I use the following script:
Bronbestand = open("D:\\Documents\\SkyDrive\\afstuderen\\99 EEM - Abaqus 6.11.2\\scripting\\testuitlezen4.txt", "r")
headerLine = Bronbestand.readline()
valueList = headerLine.split(",")
xValueIndex = valueList.index("x")
#xValueIndex = int(xValueIndex)
yValueIndex = valueList.index("y")
#yValueIndex = int(yValueIndex)
coordList = []
for line in Bronbestand.readlines():
segmentedLine = line.split(",")
coordList.extend([segmentedLine[xValueIndex], segmentedLine[yValueIndex]])
coordList = [x.strip(' ') for x in coordList]
coordList = [x.strip('\n') for x in coordList]
coordList2 = []
#CoordList3 = [map(int, x) for x in coordList]
for i in coordList:
coordList2 = [coordList[int(i)], coordList[int(i)]]

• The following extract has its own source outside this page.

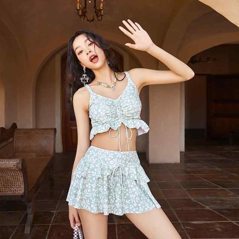 水着 レディース セパレート 3点セット 体型カバー お腹カバー 細見え スタイルアップ 小胸向け 盛りブラ パッド付き ワイヤーなし 温泉 プール ビーチ 海 リゾート 韓国風 かわいい おしゃれ ナイロン素材 軽量 速乾 ライトグリーン

print "coordList = ", coordList
print "coordList2 = ", coordList2
#print "coordList3 = ", coordList3
The coordinates needed to be imported are looking like (this is "Bronbestand" in the script):
id,x,y,
1, -1.24344945, 4.84291601
2, -2.40876842, 4.38153362
3, -3.42273545, 3.6448431
4, -4.22163963, 2.67913389
5, -4.7552824, 1.54508495
6, -4.99013376, -0.313952595
7, -4.7552824, -1.54508495
8, -4.22163963, -2.67913389
9, -3.42273545, -3.6448431
Thus the script should result in:
[[-1.24344945, 4.84291601],[-2.40876842, 4.38153362],[-3.42273545, 3.6448431],[-4.22163963, 2.67913389],[-4.7552824, 1.54508495],[-4.99013376,-0.313952595],[-4.7552824, -1.54508495],[-4.22163963, -2.67913389],[-3.42273545, -3.6448431]]
I also tried importing the coordinates with the native python csv parser but this didn't work either.
Thank you all in advance for the help!
Your numbers are not integers so the conversion to int fails.
Try using float(i) instead of int(i) to convert into floating point numbers instead.
>>> int('1.5')
Traceback (most recent call last):
File "<pyshell#1>", line 1, in <module>
int('1.5')
ValueError: invalid literal for int() with base 10: '1.5'
>>> float('1.5')
1.5
Other answers have said why your script fails, however, there is another issue here - you are massively reinventing the wheel.
This whole thing can be done in a couple of lines using the csv module and a list comprehension:
import csv
with open("test.csv") as file:
data = csv.reader(file)
next(data)
print([[float(x) for x in line[1:]] for line in data])
Gives us:
[[-1.24344945, 4.84291601], [-2.40876842, 4.38153362], [-3.42273545, 3.6448431], [-4.22163963, 2.67913389], [-4.7552824, 1.54508495], [-4.99013376, -0.313952595], [-4.7552824, -1.54508495], [-4.22163963, -2.67913389], [-3.42273545, -3.6448431]]
We open the file, make a csv.reader() to parse the csv file, skip the header row, then make a list of the numbers parsed as floats, ignoring the first column.
As pointed out in the comments, as you are dealing with a lot of data, you may wish to iterate over the data lazily. While making a list is good to test the output, in general, you probably want a generator rather than a list. E.g:
([float(x) for x in line[1:]] for line in data)
Note that the file will need to remain open while you utilize this generator (remain inside the with block).